Trade Mark Registration - v - Trade Mark Use

Author:Ms Emma Lambert
Profession:Pictons Solicitors LLP

The best method of protecting your brand against copying and increasing its value is to register it as a trade mark. Unfortunately registration can be expensive. If you choose not to register your brand it may be protected under UK law by the law of "passing off". Recent Court cases are a reminder that passing off still has teeth but you cannot afford to be complacent even if you do register your brand as a trade mark.

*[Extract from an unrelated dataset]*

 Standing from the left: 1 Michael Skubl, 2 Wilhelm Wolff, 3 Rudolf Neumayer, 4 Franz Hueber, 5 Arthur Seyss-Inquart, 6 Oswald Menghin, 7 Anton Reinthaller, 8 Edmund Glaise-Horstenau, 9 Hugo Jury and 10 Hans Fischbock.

One case in particular, Associated Newspapers Ltd and another v Express Newspapers, carries messages for brand owners.

The Problem

The Claimant, Associated Newspapers, owns the 'Daily Mail', 'The Mail on Sunday' and 'Evening Standard'. The Defendant owns the 'Daily Express' and intended to launch a free evening newspaper in London, in competition with the Evening Standard. Various names were considered for the Defendant's newspaper but each could be shortened to 'The Mail'.

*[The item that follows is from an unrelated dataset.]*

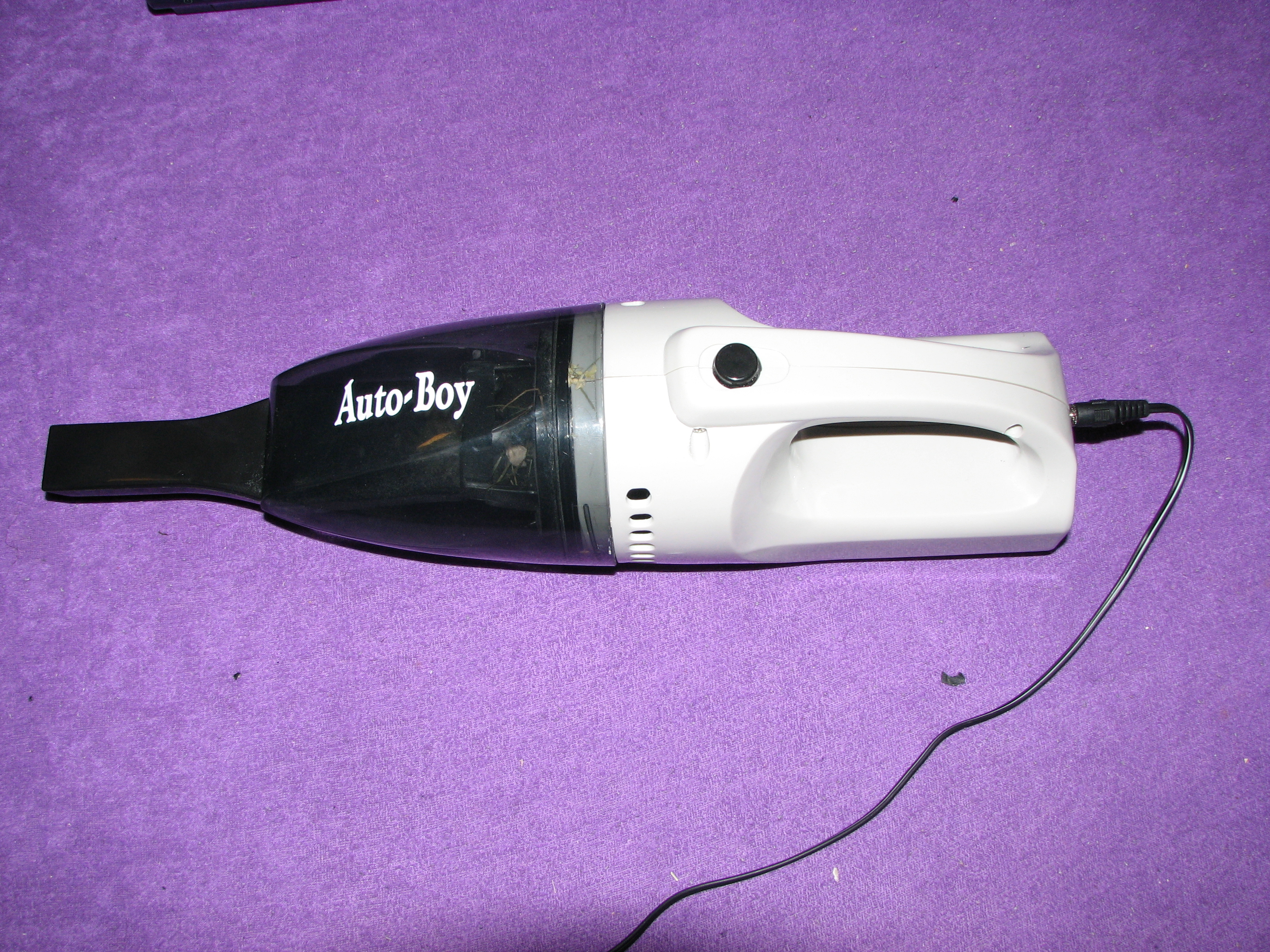 Small vacuum cleaner

The Claimant argued that use of the proposed names: 'The Mail', 'Evening Mail' and/or 'London Evening Mail' would constitute "passing off" and trade mark infringement of the Claimant's registered trade marks: THE MAIL; DAILY MAIL; and MAIL ON SUNDAY. The Defendant argued that the Claimant did not have an exclusive right to use of the word 'Mail' claiming that it was a generic term used by other newspapers throughout the country. Further, any newspaper with the word Mail in the title was likely to be abbreviated to 'The Mail'.

The Result

The Claimant succeeded in its claim of passing off. To do so it had to bring extensive and costly evidence to prove the three requirements of passing off: reputation and goodwill; misrepresentation; and damage.

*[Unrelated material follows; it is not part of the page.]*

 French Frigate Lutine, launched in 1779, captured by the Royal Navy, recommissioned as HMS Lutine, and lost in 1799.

The Judge held that reputation and goodwill had both been established in the London area, where the Defendant's free newspaper was intended to be circulated. The fact that the Defendant's newspaper was free did not impact on the question of misrepresentation: the consumer would still believe it to be connected to the Claimant. The Court held that damage was likely as the public could associate the free paper with the Claimant, which could damage the Claimant's 'personality' and the public's perception of its products.

On the other hand, the Claimant failed to prove trade mark infringement. The Court held that the mark, 'THE MAIL', had not been infringed as the goods it covered ("the Specification") did not include 'free newspapers'. Although it is possible to sue for infringement beyond the Specification of...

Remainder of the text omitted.